▸ WHAT THIS TASK INVOLVES: Please repeat the records word for word and skip the pictures.

▸ EXERCISE MATERIAL:

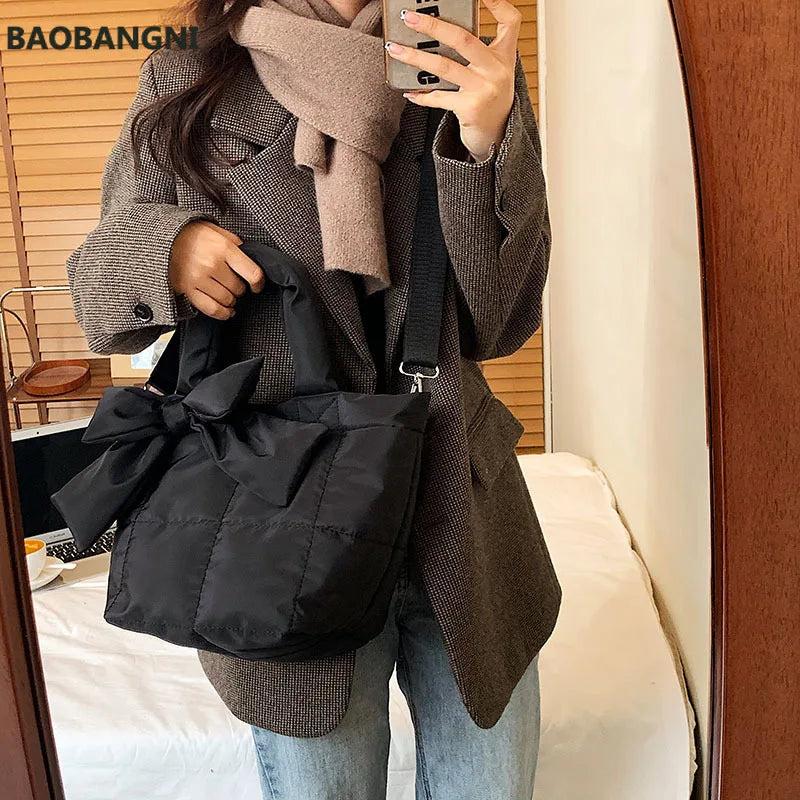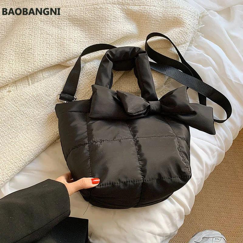 Description:Stay stylish and warm with this small tote shoulder bag made from down cotton. Perfect for carrying your essentials during the winter season.Features: Made from high-quality Oxford cloth material Features a charming bow design on the front Perfect size for carrying essentials like phone, wallet, keys, and more Can be...
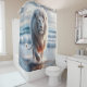 Dieser Duschvorhang hat einen weißen Löwen darauf.
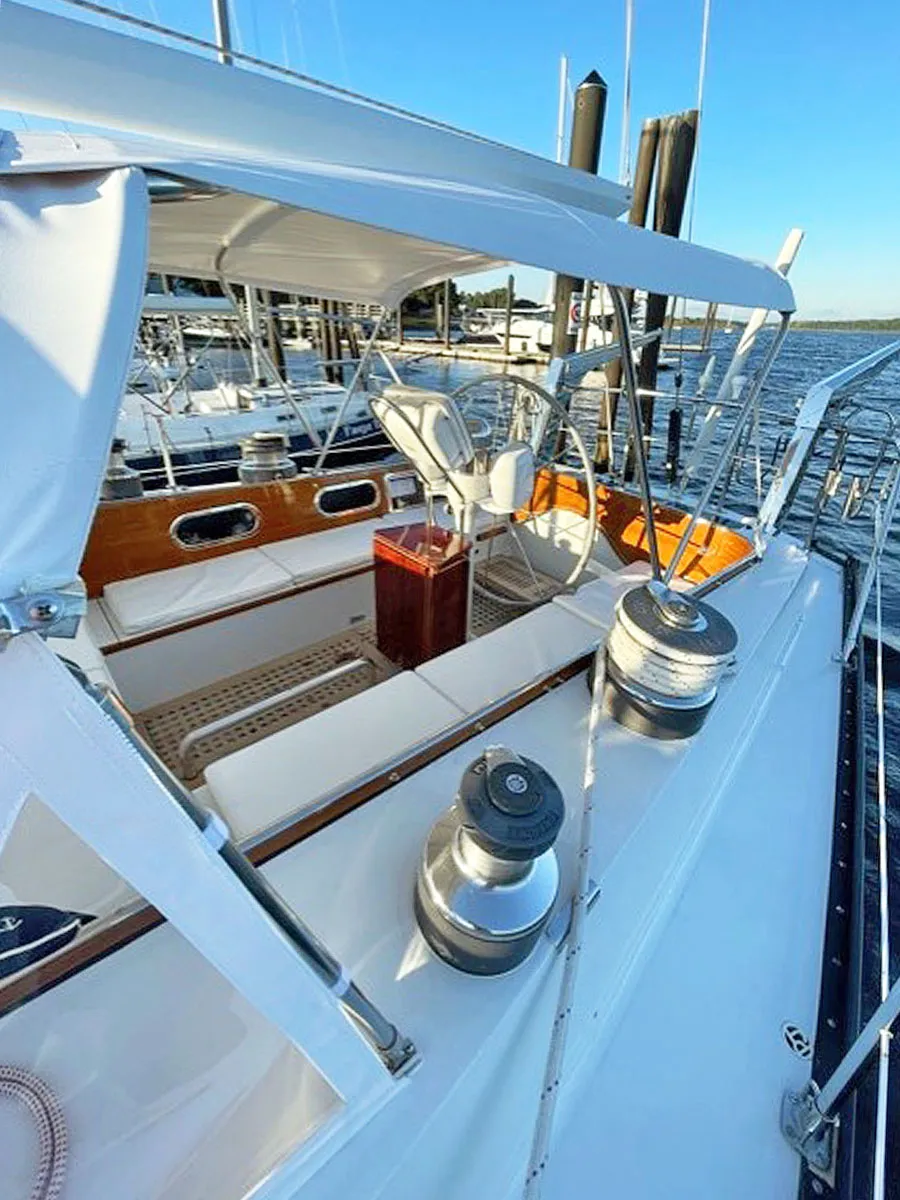 Up the companionway is the large aft cockpit. There is a large cockpit table with centerline foot rest. The cockpit is protected by a dodger and a bimini that can be united. There is engine room access under the starboard seat.
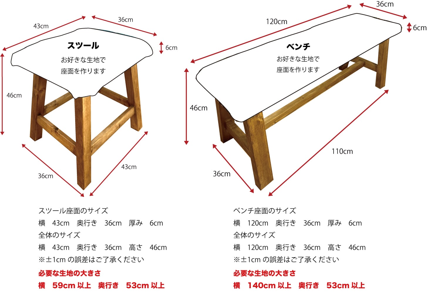 お好きな生地でオリジナルのスツールやベンチを制作いたします。
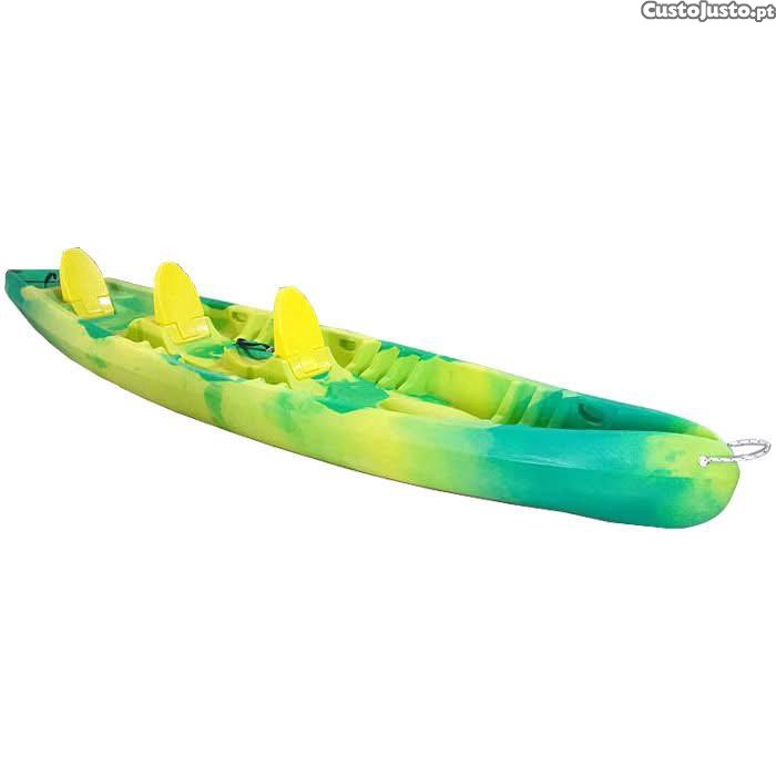 Verdadeiros kayaks de 3 lugares, com capacidade para até 3 adultos. Perfeitos para navegação em lago, rios calmos e no mar (até 300 m da costa).
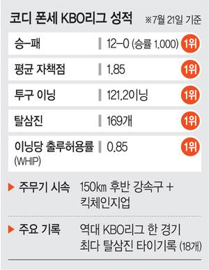 올 시즌 KBO리그에서 가장 강력한 투수를 꼽자면 단연 한화의 외국인 투수 코디 폰세(사진)다. 폰세는 올해 한화 유니폼을 입고 리그를 초토화하고 있다. 최고 시속 158㎞의 묵직한 직구와 변종 체인지업인 ‘킥체인지업’을 주무기로 앞세워 연일 완벽투를 이어가고 있다. 21일 기준, 다승(12승)·평균자책점(1.85)·탈삼진(169개)·승률(1.000)에서 리그 1위를 달리고 있다. 폰세는 올해 KBO리그 데뷔 첫해에 한 경기에서 18삼진(5월 17일·SSG전)을 잡아내 역대 KBO리그 최다 탈삼진 타이기록(1991년 선동열)도 작성했다.

▸ TASK ANSWER:
 Description:Stay stylish and warm with this small tote shoulder bag made from down cotton. Perfect for carrying your essentials during the winter season.Features: Made from high-quality Oxford cloth material Features a charming bow design on the front Perfect size for carrying essentials like phone, wallet, keys, and more Can be...
 Dieser Duschvorhang hat einen weißen Löwen darauf.
 Up the companionway is the large aft cockpit. There is a large cockpit table with centerline foot rest. The cockpit is protected by a dodger and a bimini that can be united. There is engine room access under the starboard seat.
 お好きな生地でオリジナルのスツールやベンチを制作いたします。
 Verdadeiros kayaks de 3 lugares, com capacidade para até 3 adultos. Perfeitos para navegação em lago, rios calmos e no mar (até 300 m da costa).
 올 시즌 KBO리그에서 가장 강력한 투수를 꼽자면 단연 한화의 외국인 투수 코디 폰세(사진)다. 폰세는 올해 한화 유니폼을 입고 리그를 초토화하고 있다. 최고 시속 158㎞의 묵직한 직구와 변종 체인지업인 ‘킥체인지업’을 주무기로 앞세워 연일 완벽투를 이어가고 있다. 21일 기준, 다승(12승)·평균자책점(1.85)·탈삼진(169개)·승률(1.000)에서 리그 1위를 달리고 있다. 폰세는 올해 KBO리그 데뷔 첫해에 한 경기에서 18삼진(5월 17일·SSG전)을 잡아내 역대 KBO리그 최다 탈삼진 타이기록(1991년 선동열)도 작성했다.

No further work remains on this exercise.